I would like for the people, who come up with these ideas, to dogfood their own product. Actually force them to try their own medicine. It would be a single digit percentage of acceptance then
You grossly underestimate how much some people truly love the idea of highly personalized ads. People who believe they are the best possible outcome and cannot fathom why anyone would have any problem with them at all. That's who you are asking to dogfood this product, and they would and would find no issues with it.
Why would I use such a browser?
Because some influencer say you should. Works this way for too many people.
The amount of folks I see use Opera GX "gaming browser" because some influencer said so...
Where is the hacktivism when you need it? These companies need to be gutted from the inside out.
Begin, the AI wars have.
"Help us improve your User Experience by trying as hard as possible to induce to spend money you don't have on crap you don't need."
I think I read somewhere they want to buy Chrome from Google if they are forced to sell. So not many changes, just switching owners who ultimately do the same thing.

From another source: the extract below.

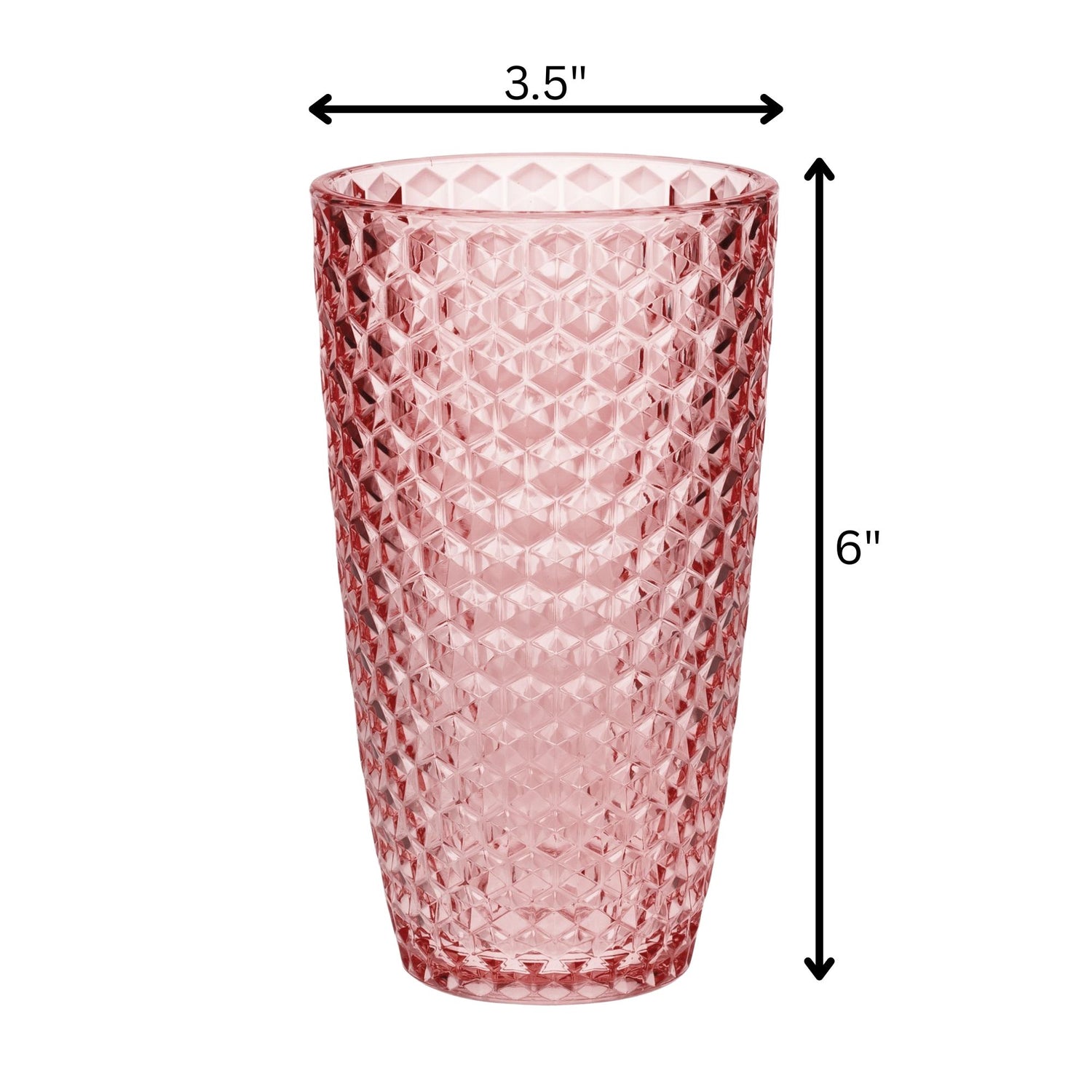Leading Ware Diamond Cut Acrylic Glasses Drinking (Set of 4), 19Oz, Bpa Free - Pink

i’m not a Chrome user, so screw both google and perplexity.
some people will see this as a feature to be desired, not a bug
Srinivas believes that Perplexity’s browser users will be fine with such tracking because the ads should be more relevant to them.
Believes it, or is just spinning it that way?
You could show me an ad for exactly what I want in that moment and I'd immediately not want it any more.
Enough already.
Can't sell reams and reams of customer data if you don't have any customers.